● **Exercise objective**
Among the records that follow, set down only the lines from the one containing "Introducing our handcrafted" to the one containing "Meandros Greek Key", both included, exactly.

● **Stored data**
============================================================

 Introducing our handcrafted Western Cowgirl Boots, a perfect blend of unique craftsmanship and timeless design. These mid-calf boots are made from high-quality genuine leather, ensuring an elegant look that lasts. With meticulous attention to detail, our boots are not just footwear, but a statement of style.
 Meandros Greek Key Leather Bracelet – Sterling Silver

============================================================

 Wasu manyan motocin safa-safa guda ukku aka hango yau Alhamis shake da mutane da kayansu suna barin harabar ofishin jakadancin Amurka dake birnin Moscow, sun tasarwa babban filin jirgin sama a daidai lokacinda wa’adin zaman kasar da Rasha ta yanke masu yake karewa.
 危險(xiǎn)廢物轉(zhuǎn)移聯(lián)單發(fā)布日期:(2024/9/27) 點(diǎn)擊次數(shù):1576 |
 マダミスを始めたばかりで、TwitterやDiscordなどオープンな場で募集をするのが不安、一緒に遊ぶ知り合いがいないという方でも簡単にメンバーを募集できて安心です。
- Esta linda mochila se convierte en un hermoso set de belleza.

============================================================

● **Written solution**
 Introducing our handcrafted Western Cowgirl Boots, a perfect blend of unique craftsmanship and timeless design. These mid-calf boots are made from high-quality genuine leather, ensuring an elegant look that lasts. With meticulous attention to detail, our boots are not just footwear, but a statement of style.
 Meandros Greek Key Leather Bracelet – Sterling Silver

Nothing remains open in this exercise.